§ Goal of the exercise:
Copy out exactly, from the entries that follow, the line holding "De plus, on", the line holding "and workshop space.", and all lines between them, but no pictures.

§ Records provided:
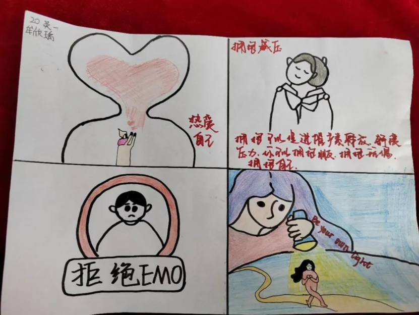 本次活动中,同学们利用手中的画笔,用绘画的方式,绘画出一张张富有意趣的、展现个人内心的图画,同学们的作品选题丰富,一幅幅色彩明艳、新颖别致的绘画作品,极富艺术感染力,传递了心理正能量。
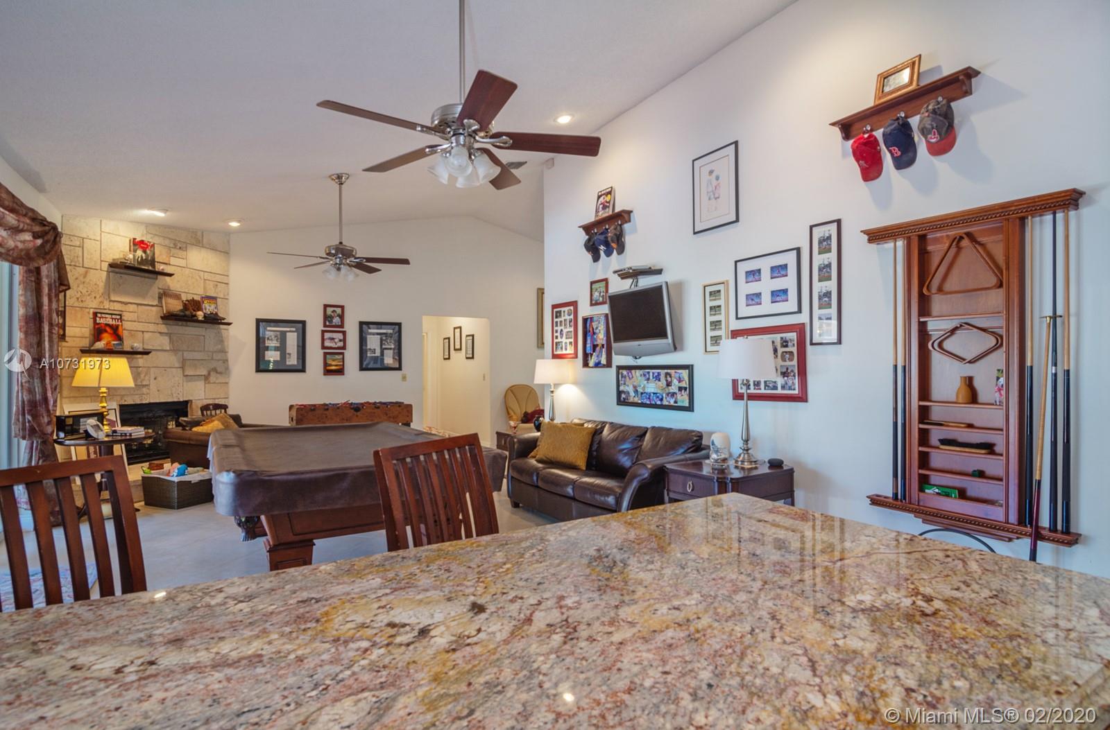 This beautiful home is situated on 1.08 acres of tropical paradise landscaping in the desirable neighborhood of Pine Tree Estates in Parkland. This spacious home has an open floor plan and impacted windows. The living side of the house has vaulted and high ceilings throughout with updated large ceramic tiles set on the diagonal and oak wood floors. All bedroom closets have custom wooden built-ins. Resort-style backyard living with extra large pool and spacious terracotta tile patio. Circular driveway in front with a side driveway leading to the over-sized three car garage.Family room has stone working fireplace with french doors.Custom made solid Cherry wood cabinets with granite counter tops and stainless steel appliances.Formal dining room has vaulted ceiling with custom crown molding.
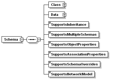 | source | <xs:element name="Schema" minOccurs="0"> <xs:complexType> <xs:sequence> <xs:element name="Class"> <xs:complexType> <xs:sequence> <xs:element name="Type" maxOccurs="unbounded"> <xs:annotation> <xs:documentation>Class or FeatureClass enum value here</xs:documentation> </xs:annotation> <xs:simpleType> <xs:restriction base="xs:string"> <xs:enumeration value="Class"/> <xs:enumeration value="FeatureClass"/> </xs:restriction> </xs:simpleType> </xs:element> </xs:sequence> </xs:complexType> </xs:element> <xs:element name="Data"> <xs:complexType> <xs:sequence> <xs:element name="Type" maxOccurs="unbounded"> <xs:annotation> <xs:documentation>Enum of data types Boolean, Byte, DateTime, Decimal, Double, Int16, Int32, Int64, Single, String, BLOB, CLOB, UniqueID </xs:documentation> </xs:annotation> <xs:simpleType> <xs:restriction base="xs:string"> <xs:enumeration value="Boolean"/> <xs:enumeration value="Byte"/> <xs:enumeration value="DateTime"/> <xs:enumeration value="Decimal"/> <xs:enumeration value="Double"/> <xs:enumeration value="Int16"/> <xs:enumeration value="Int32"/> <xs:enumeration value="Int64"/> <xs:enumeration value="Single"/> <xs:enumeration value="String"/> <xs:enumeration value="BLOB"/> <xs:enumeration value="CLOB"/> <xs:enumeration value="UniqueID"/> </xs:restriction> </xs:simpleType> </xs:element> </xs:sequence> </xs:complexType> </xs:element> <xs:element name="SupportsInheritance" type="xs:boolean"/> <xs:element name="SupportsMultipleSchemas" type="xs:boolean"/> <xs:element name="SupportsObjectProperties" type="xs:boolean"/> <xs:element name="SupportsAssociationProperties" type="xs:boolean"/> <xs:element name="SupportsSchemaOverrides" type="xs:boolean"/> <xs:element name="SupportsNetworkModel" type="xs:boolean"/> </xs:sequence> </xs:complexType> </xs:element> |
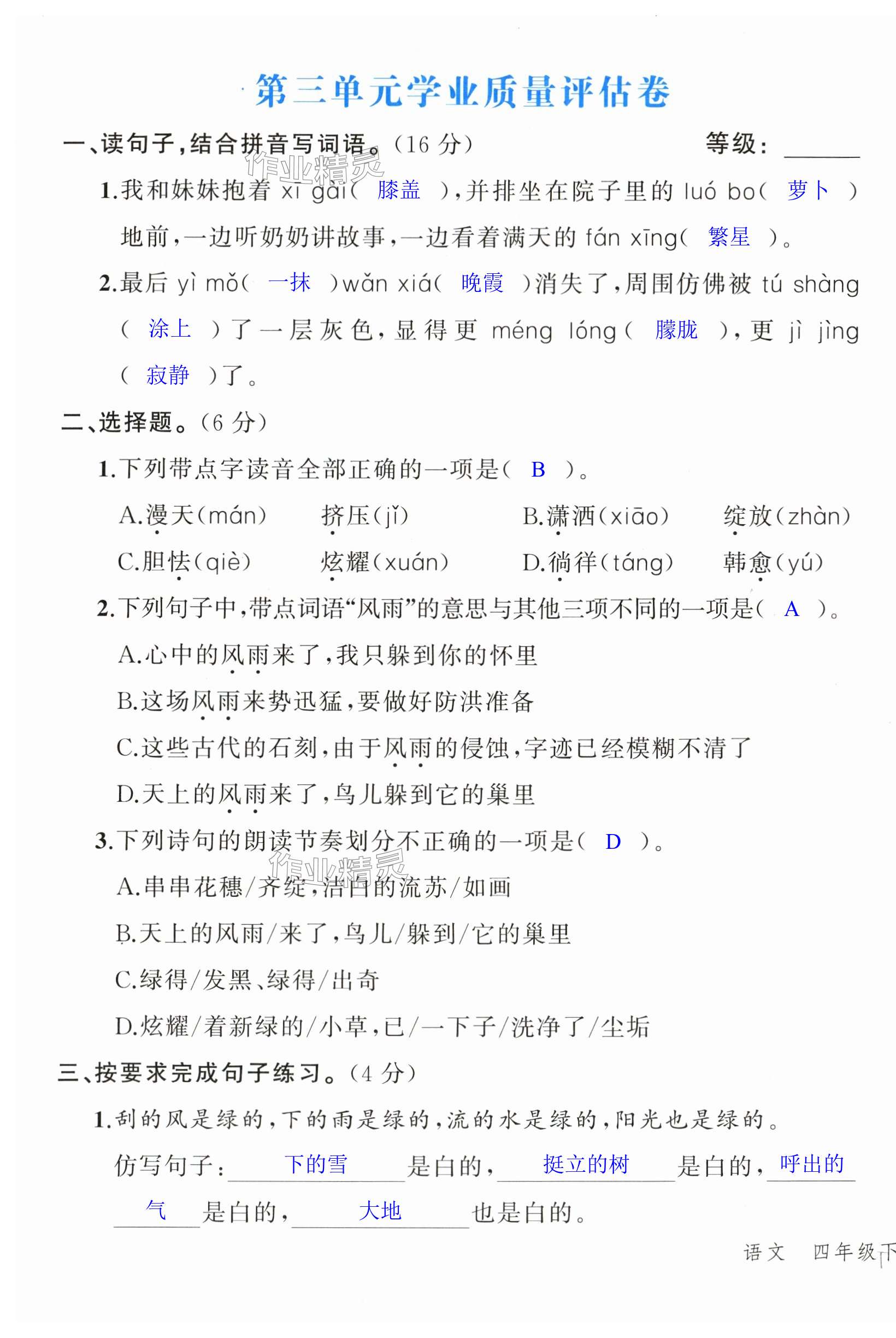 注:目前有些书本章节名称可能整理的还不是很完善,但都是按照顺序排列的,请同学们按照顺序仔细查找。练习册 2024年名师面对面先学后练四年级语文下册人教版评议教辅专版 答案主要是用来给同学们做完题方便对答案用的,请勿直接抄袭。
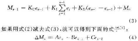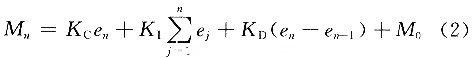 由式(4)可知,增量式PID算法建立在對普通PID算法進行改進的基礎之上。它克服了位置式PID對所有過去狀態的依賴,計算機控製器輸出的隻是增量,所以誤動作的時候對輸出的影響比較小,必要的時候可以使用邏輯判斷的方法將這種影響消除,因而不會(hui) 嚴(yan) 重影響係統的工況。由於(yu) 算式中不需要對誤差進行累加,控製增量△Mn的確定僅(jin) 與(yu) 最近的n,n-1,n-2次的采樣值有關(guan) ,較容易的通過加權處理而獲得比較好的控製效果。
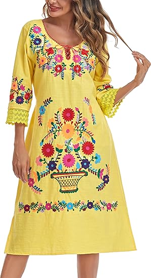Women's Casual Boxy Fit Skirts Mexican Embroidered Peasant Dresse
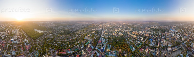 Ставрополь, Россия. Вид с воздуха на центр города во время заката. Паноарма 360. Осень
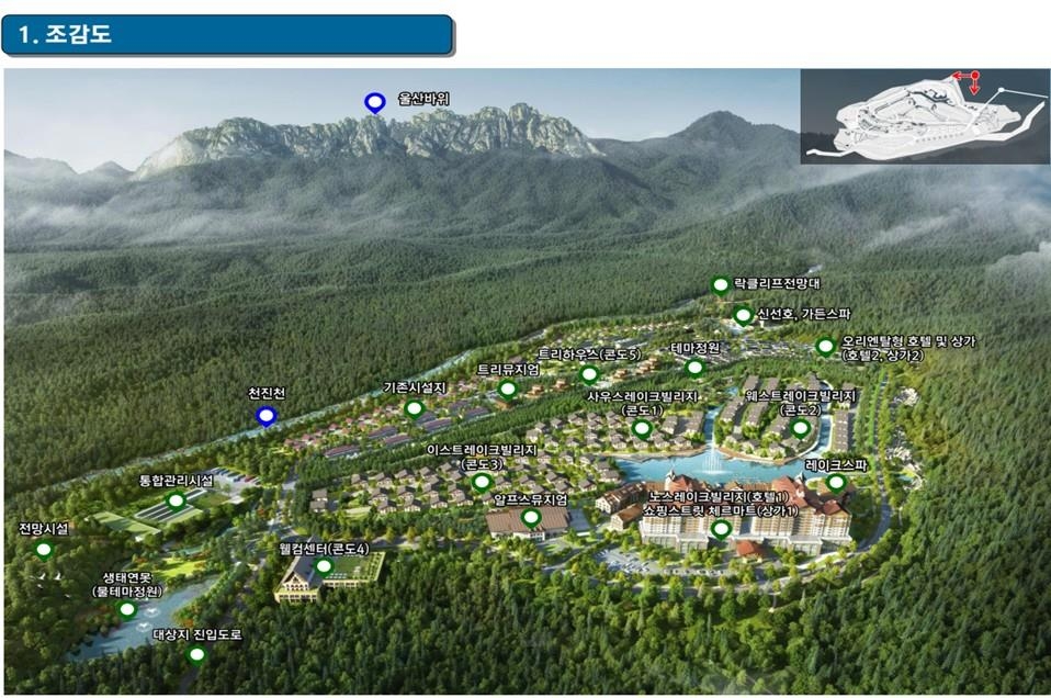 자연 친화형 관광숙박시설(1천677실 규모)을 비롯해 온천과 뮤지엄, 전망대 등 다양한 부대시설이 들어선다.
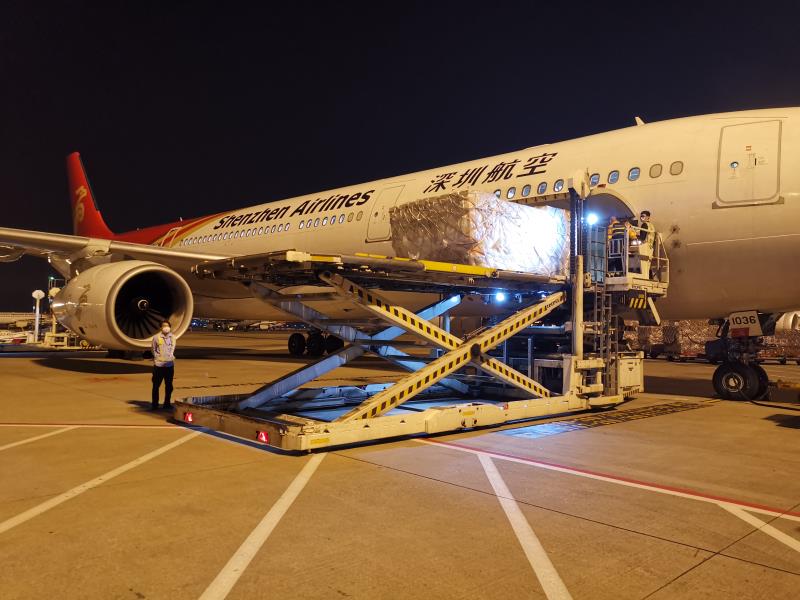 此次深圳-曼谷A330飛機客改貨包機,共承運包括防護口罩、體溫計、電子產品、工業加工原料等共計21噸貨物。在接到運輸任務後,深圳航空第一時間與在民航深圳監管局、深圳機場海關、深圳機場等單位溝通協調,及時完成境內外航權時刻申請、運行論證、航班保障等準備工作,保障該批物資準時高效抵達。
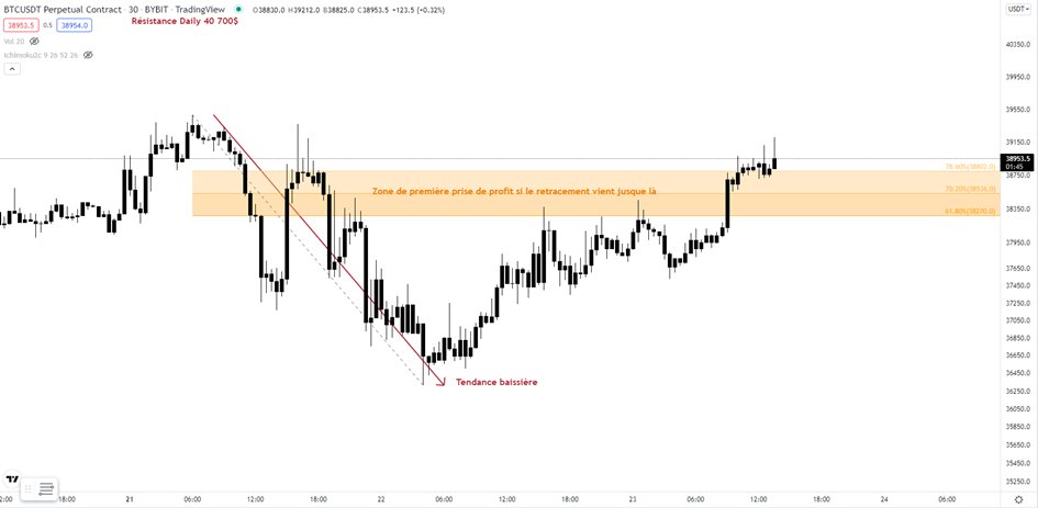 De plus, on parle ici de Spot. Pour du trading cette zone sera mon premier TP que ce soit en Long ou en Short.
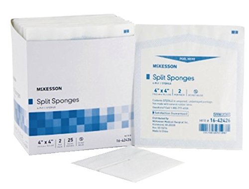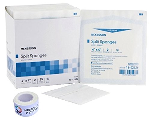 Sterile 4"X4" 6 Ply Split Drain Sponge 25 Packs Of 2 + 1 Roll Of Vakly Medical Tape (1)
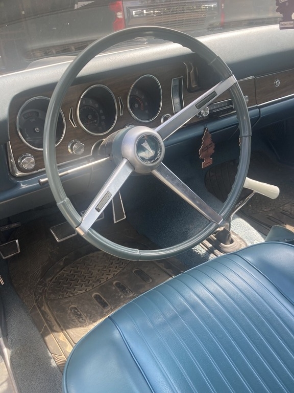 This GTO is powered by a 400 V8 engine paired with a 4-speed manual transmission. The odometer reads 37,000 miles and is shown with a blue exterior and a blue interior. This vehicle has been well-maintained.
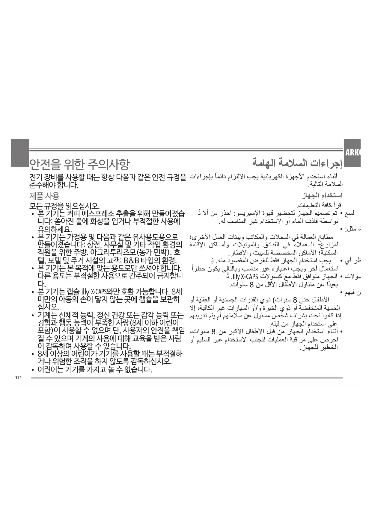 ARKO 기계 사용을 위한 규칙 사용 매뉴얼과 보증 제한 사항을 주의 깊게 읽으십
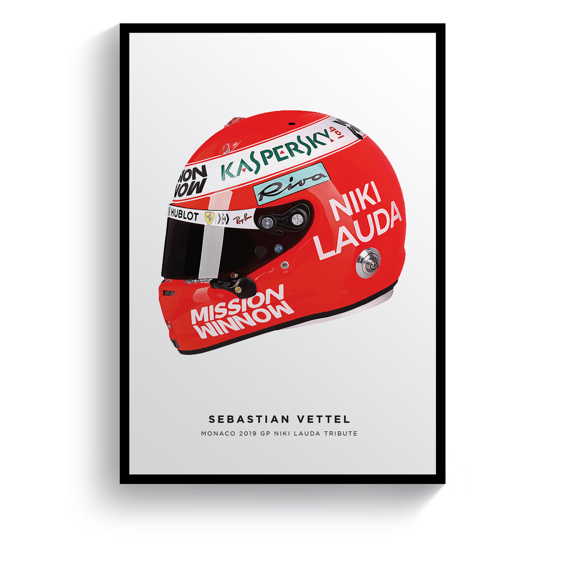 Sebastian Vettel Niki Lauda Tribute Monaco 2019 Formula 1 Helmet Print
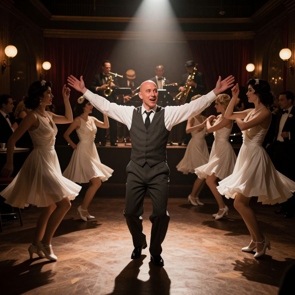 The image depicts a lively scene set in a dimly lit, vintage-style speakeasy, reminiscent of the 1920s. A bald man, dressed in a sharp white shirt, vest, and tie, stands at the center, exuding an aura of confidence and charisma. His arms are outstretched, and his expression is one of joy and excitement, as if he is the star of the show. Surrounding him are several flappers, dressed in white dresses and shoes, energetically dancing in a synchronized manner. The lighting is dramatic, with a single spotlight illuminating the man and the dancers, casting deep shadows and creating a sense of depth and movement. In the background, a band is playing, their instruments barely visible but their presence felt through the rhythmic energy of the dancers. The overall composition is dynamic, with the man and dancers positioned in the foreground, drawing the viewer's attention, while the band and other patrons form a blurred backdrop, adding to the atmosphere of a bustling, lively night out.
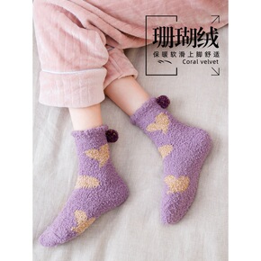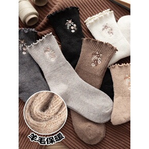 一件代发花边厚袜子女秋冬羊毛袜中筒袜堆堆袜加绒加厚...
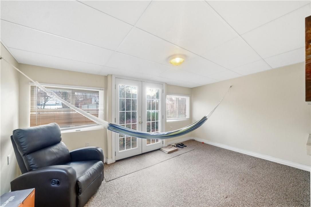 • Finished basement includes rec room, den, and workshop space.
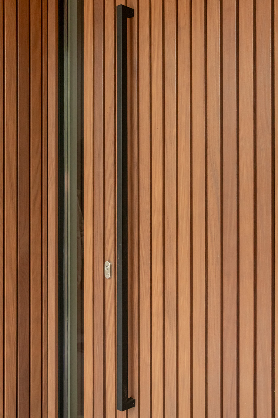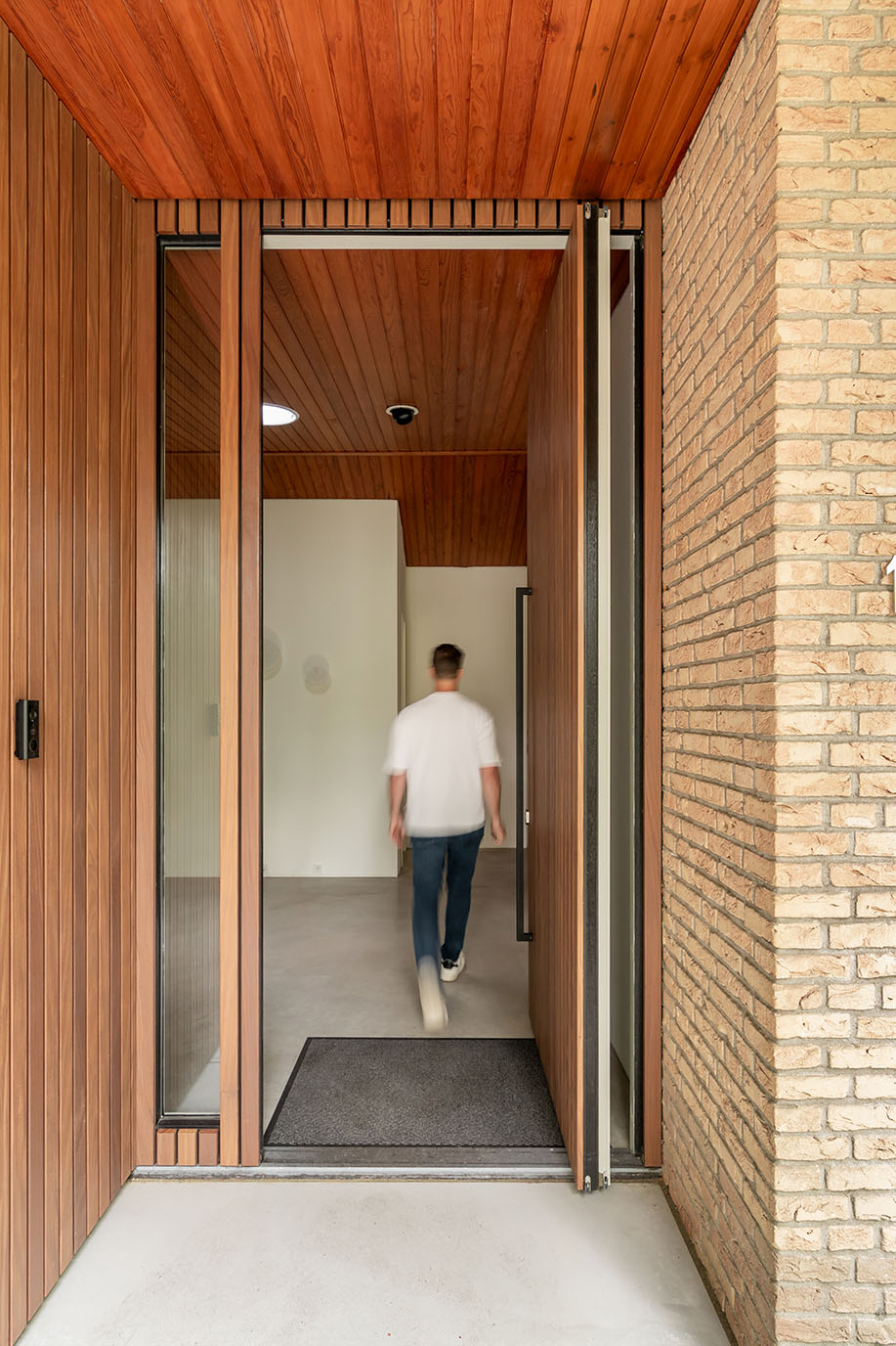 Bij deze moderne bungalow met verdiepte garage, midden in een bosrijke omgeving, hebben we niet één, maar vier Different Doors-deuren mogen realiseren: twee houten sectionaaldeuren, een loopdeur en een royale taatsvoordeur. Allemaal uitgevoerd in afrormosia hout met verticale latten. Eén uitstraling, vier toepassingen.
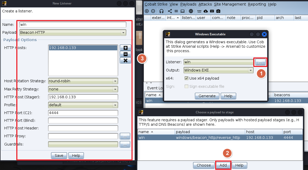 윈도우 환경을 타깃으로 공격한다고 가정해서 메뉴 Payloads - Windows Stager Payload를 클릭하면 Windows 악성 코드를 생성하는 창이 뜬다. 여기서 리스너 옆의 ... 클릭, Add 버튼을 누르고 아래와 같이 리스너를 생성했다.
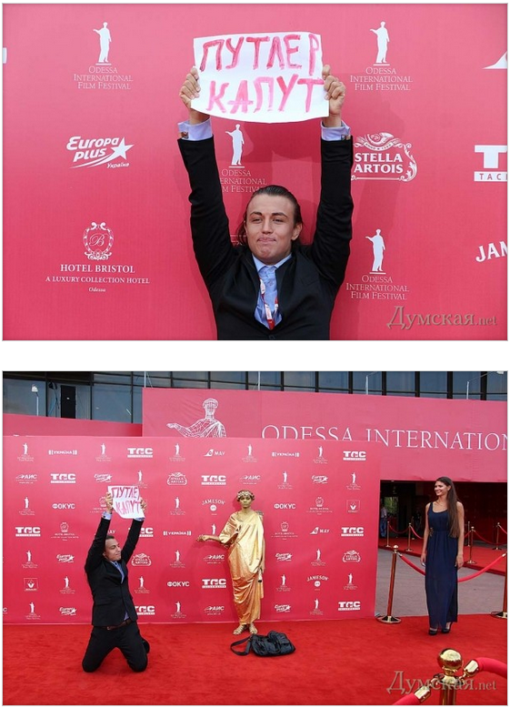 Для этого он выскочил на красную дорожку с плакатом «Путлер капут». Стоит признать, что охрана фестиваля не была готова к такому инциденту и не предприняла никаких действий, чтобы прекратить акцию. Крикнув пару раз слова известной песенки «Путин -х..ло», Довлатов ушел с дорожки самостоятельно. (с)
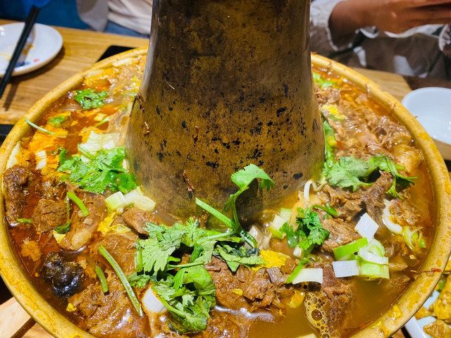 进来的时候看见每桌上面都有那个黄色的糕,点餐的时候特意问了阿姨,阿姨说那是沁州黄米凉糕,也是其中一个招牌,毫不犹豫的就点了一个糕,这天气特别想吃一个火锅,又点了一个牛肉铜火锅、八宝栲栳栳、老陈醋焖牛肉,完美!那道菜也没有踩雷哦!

§ Solution for this task:
 De plus, on parle ici de Spot. Pour du trading cette zone sera mon premier TP que ce soit en Long ou en Short.
 Sterile 4"X4" 6 Ply Split Drain Sponge 25 Packs Of 2 + 1 Roll Of Vakly Medical Tape (1)
 This GTO is powered by a 400 V8 engine paired with a 4-speed manual transmission. The odometer reads 37,000 miles and is shown with a blue exterior and a blue interior. This vehicle has been well-maintained.
 ARKO 기계 사용을 위한 규칙 사용 매뉴얼과 보증 제한 사항을 주의 깊게 읽으십
 Sebastian Vettel Niki Lauda Tribute Monaco 2019 Formula 1 Helmet Print
 The image depicts a lively scene set in a dimly lit, vintage-style speakeasy, reminiscent of the 1920s. A bald man, dressed in a sharp white shirt, vest, and tie, stands at the center, exuding an aura of confidence and charisma. His arms are outstretched, and his expression is one of joy and excitement, as if he is the star of the show. Surrounding him are several flappers, dressed in white dresses and shoes, energetically dancing in a synchronized manner. The lighting is dramatic, with a single spotlight illuminating the man and the dancers, casting deep shadows and creating a sense of depth and movement. In the background, a band is playing, their instruments barely visible but their presence felt through the rhythmic energy of the dancers. The overall composition is dynamic, with the man and dancers positioned in the foreground, drawing the viewer's attention, while the band and other patrons form a blurred backdrop, adding to the atmosphere of a bustling, lively night out.
 一件代发花边厚袜子女秋冬羊毛袜中筒袜堆堆袜加绒加厚...
 • Finished basement includes rec room, den, and workshop space.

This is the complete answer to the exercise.